[Source records]
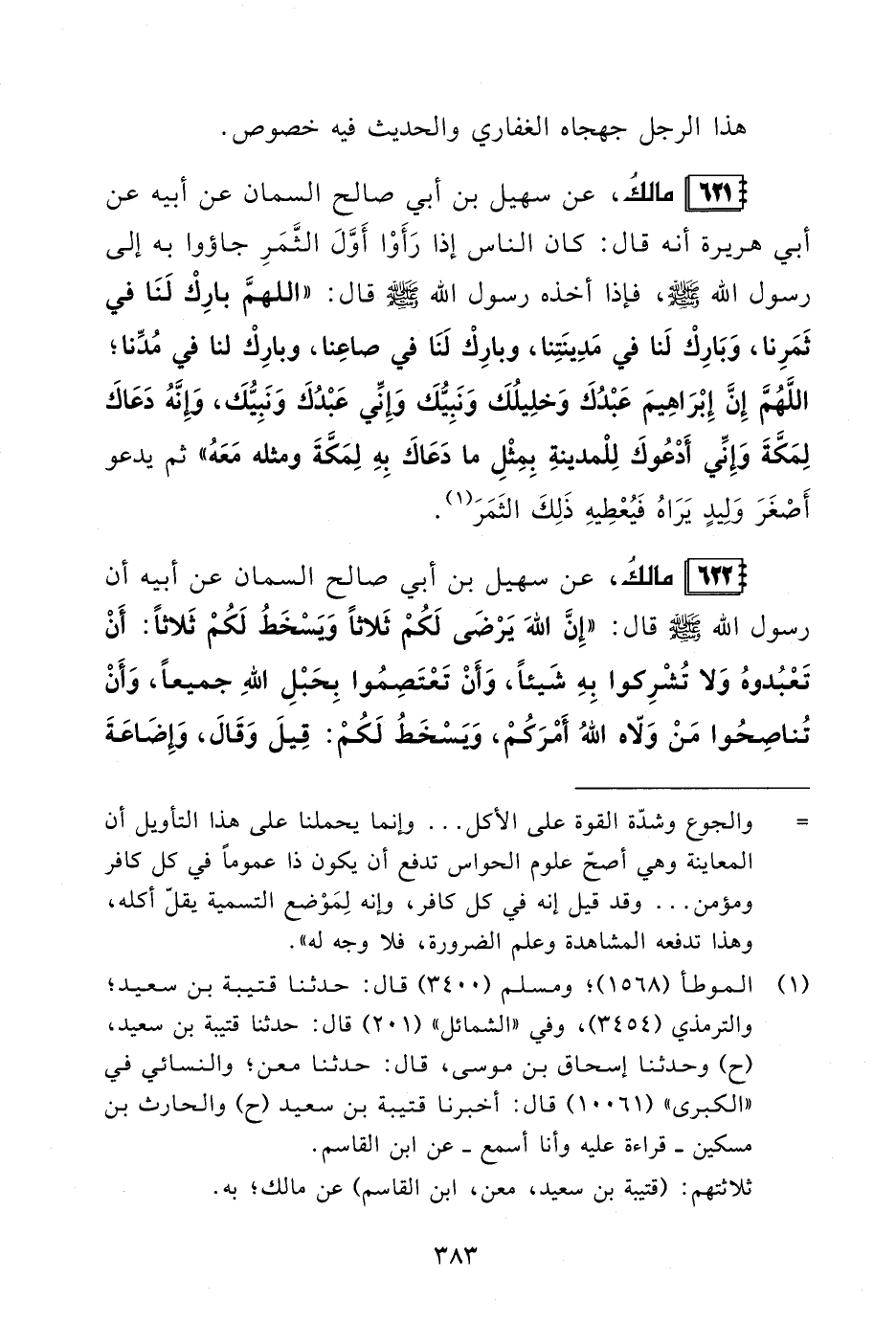 621 - مالكُ، عن سهيل بن أبي صالح السمان عن أبيه عن أبي هريرة أنه قال: كان الناس إذا رَأَوْا أَوَّلَ الثَّمَرِ جاؤوا به إلى رسول الله - صلى الله عليه وسلم -، فإذا أخذه رسول الله - صلى الله عليه وسلم - قال: "اللهمَّ بارِكْ لَنَا في ثَمَرِنا، وَبَارِكْ لَنا في مَدِينَتِنا، وبارِكْ لَنَا في صاعِنا، وبارِكْ لنا في مُدِّنا، اللَّهُمَّ إِنَّ إِبْرَاهِيمَ عَبْدُكَ وَخلِيلُكَ وَنَبِيُّكَ وَإِنِّي عَبْدُكَ وَنَبِيُّكَ، وَإِنَّهُ دَعَاكَ لِمَكَّةَ وَإِنِّي أَدْعُوكَ لِلْمدينةِ بِمِثْلِ ما دَعَاكَ بِهِ لِمَكَّةَ ومثله مَعَهُ" ثم يدعو أَصْغَرَ وَلِيدٍ يَرَاهُ فَيُعْطِيهِ ذَلِكَ الثَمَرَ (¬1).
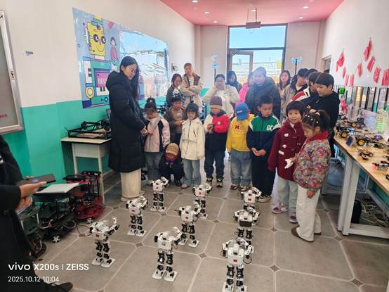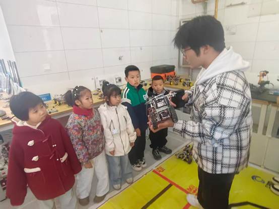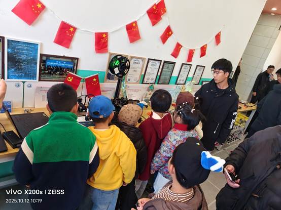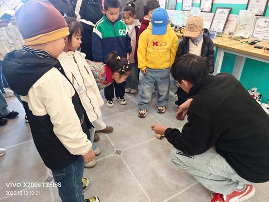 活动伊始,计算机学生化身“小老师”,用生动易懂的语言为小学生们讲解人工智能与机器人的基本原理。为避免抽象概念让孩子们感到枯燥,社团精心准备了“机器人小剧场”——会跳舞的人形机器人随着音乐扭动肢体,智能避障小车灵活穿梭过障碍物,巡逻机器人精准识别指定目标,每一个精彩演示都引来孩子们的阵阵欢呼与惊叹。社团成员还耐心解答孩子们的疑问,“机器人能听懂所有话吗?”“小车是怎么知道前面有东西的?”面对充满童趣的问题,社团成员结合实物拆解与动画演示,将复杂的技术知识转化为孩子们能理解的生活常识。
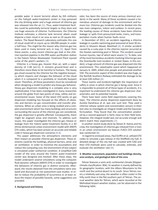 1. The document discusses a computational fluid dynamics (CFD) simulation of chlorine gas dispersion within an urban area near a water treatment facility in Tehran, Iran.
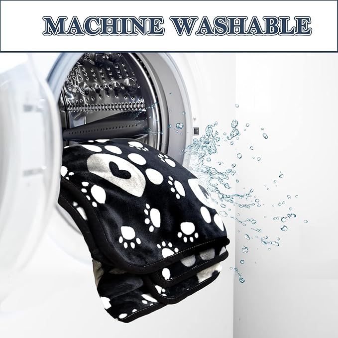 Dog Blanket, Soft Fleece Dog Blankets for Large Dogs, Fluffy Flannel Pet Cat Puppy Blanket Mat Cover for Bed Couch, Cute Paw Print Throw Blanket for Dogs, Black 60"X50"
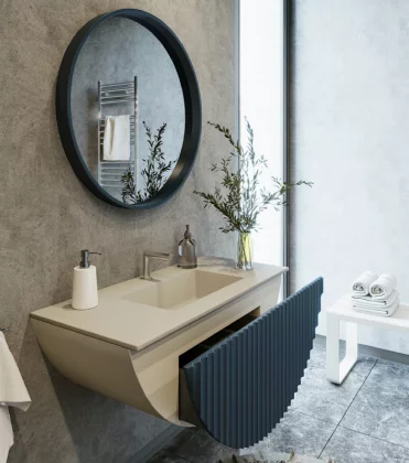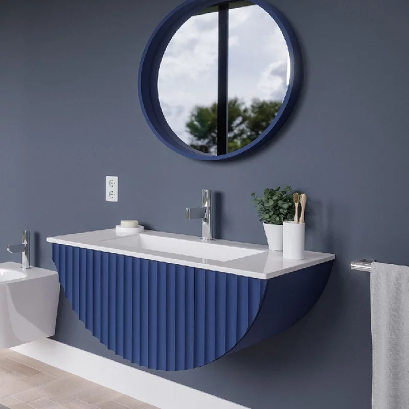 Ensemble Caps Midnight blue mat + vasque solid surface Silk 80cm
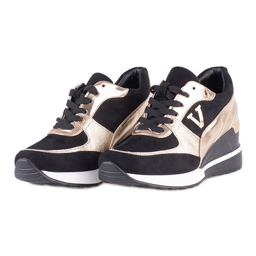 Vinceza Vinceza Mustat ja kullanväriset naisten Potocki-lenkkarit kiilakorolla kultainen
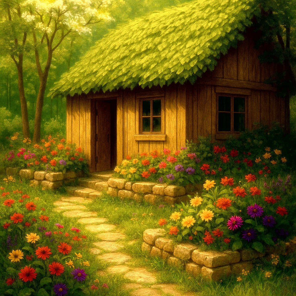 This image is an attempt to make Dimah and Djindjinah's house, using ChatGPT. It is nice, but not what I wanted: the big problem with drawing AI is that they do not follow the prompt. Here it stubbornly kept drawing the house from 3/4, with Disney elements, when I asked for an elven home seen from front. So this image will not be in the text.
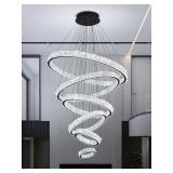 (62) Contemporary Extra Large Black Chandelier Modern 6 Ring LED Crystal Ceiling Light Adjustable Stainless Steel Chandeliers D8+15.7"+23.6"+31.5"+39.4"+47.5"
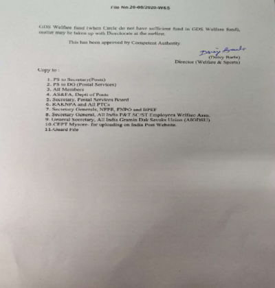 6. Circles have sufficient fiends in Citric Welfare Fund for GDS as per their closing balance for the year 2019-20. In case any additional funds are required in the GDS Welfare fund (when circle do not have sufficient fund in GDS Welfare fund), matter may be taken up with Directorate at the earliest.

(EXERCISE): Excluding the pictures, transcribe each entry above word for word.

(RESULT):
 621 - مالكُ، عن سهيل بن أبي صالح السمان عن أبيه عن أبي هريرة أنه قال: كان الناس إذا رَأَوْا أَوَّلَ الثَّمَرِ جاؤوا به إلى رسول الله - صلى الله عليه وسلم -، فإذا أخذه رسول الله - صلى الله عليه وسلم - قال: "اللهمَّ بارِكْ لَنَا في ثَمَرِنا، وَبَارِكْ لَنا في مَدِينَتِنا، وبارِكْ لَنَا في صاعِنا، وبارِكْ لنا في مُدِّنا، اللَّهُمَّ إِنَّ إِبْرَاهِيمَ عَبْدُكَ وَخلِيلُكَ وَنَبِيُّكَ وَإِنِّي عَبْدُكَ وَنَبِيُّكَ، وَإِنَّهُ دَعَاكَ لِمَكَّةَ وَإِنِّي أَدْعُوكَ لِلْمدينةِ بِمِثْلِ ما دَعَاكَ بِهِ لِمَكَّةَ ومثله مَعَهُ" ثم يدعو أَصْغَرَ وَلِيدٍ يَرَاهُ فَيُعْطِيهِ ذَلِكَ الثَمَرَ (¬1).
 活动伊始,计算机学生化身“小老师”,用生动易懂的语言为小学生们讲解人工智能与机器人的基本原理。为避免抽象概念让孩子们感到枯燥,社团精心准备了“机器人小剧场”——会跳舞的人形机器人随着音乐扭动肢体,智能避障小车灵活穿梭过障碍物,巡逻机器人精准识别指定目标,每一个精彩演示都引来孩子们的阵阵欢呼与惊叹。社团成员还耐心解答孩子们的疑问,“机器人能听懂所有话吗?”“小车是怎么知道前面有东西的?”面对充满童趣的问题,社团成员结合实物拆解与动画演示,将复杂的技术知识转化为孩子们能理解的生活常识。
 1. The document discusses a computational fluid dynamics (CFD) simulation of chlorine gas dispersion within an urban area near a water treatment facility in Tehran, Iran.
 Dog Blanket, Soft Fleece Dog Blankets for Large Dogs, Fluffy Flannel Pet Cat Puppy Blanket Mat Cover for Bed Couch, Cute Paw Print Throw Blanket for Dogs, Black 60"X50"
 Ensemble Caps Midnight blue mat + vasque solid surface Silk 80cm
 Vinceza Vinceza Mustat ja kullanväriset naisten Potocki-lenkkarit kiilakorolla kultainen
 This image is an attempt to make Dimah and Djindjinah's house, using ChatGPT. It is nice, but not what I wanted: the big problem with drawing AI is that they do not follow the prompt. Here it stubbornly kept drawing the house from 3/4, with Disney elements, when I asked for an elven home seen from front. So this image will not be in the text.
 (62) Contemporary Extra Large Black Chandelier Modern 6 Ring LED Crystal Ceiling Light Adjustable Stainless Steel Chandeliers D8+15.7"+23.6"+31.5"+39.4"+47.5"
 6. Circles have sufficient fiends in Citric Welfare Fund for GDS as per their closing balance for the year 2019-20. In case any additional funds are required in the GDS Welfare fund (when circle do not have sufficient fund in GDS Welfare fund), matter may be taken up with Directorate at the earliest.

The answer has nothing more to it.